Data segment:
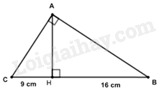 Câu 9: Cho tam giác ABC vuông tại \(A\) có đường cao AH, biết \(BH = 16\) và \(HC = 9\). Độ dài cạnh AB bằng:
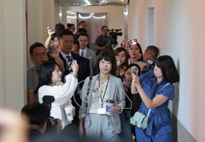 立法院外交國防委員會7日召開機密會議,邀請外交部、行政院經貿談判辦公室出示台美關稅談判相關文件。行政院經貿談判辦公室副總談判代表顏慧欣(前中)上午赴立法院,面對媒體提問皆未回應。
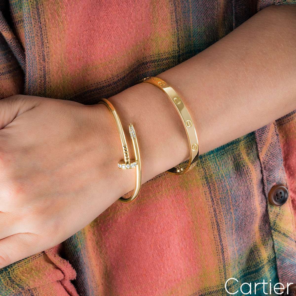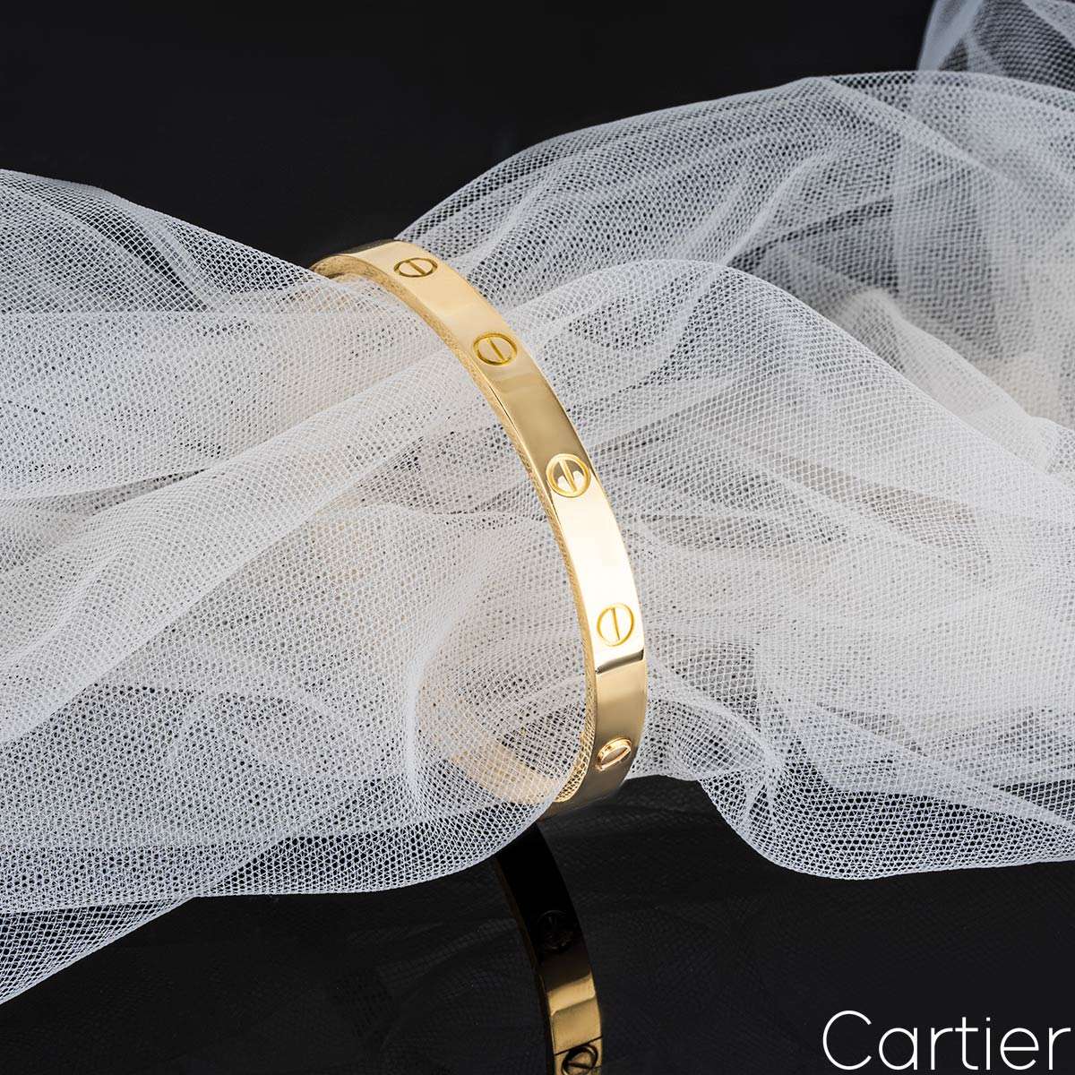 An 18k yellow gold Cartier bracelet from the Love collection. The bracelet has the screw motif displayed around the outer edge and features the new style screw fitting. This bracelet is a size 17 and has a gross weight 30.80 grams.

Task item: Copy the data precisely. Skip every picture.

Written answer:
 Câu 9: Cho tam giác ABC vuông tại \(A\) có đường cao AH, biết \(BH = 16\) và \(HC = 9\). Độ dài cạnh AB bằng:
 立法院外交國防委員會7日召開機密會議,邀請外交部、行政院經貿談判辦公室出示台美關稅談判相關文件。行政院經貿談判辦公室副總談判代表顏慧欣(前中)上午赴立法院,面對媒體提問皆未回應。
 An 18k yellow gold Cartier bracelet from the Love collection. The bracelet has the screw motif displayed around the outer edge and features the new style screw fitting. This bracelet is a size 17 and has a gross weight 30.80 grams.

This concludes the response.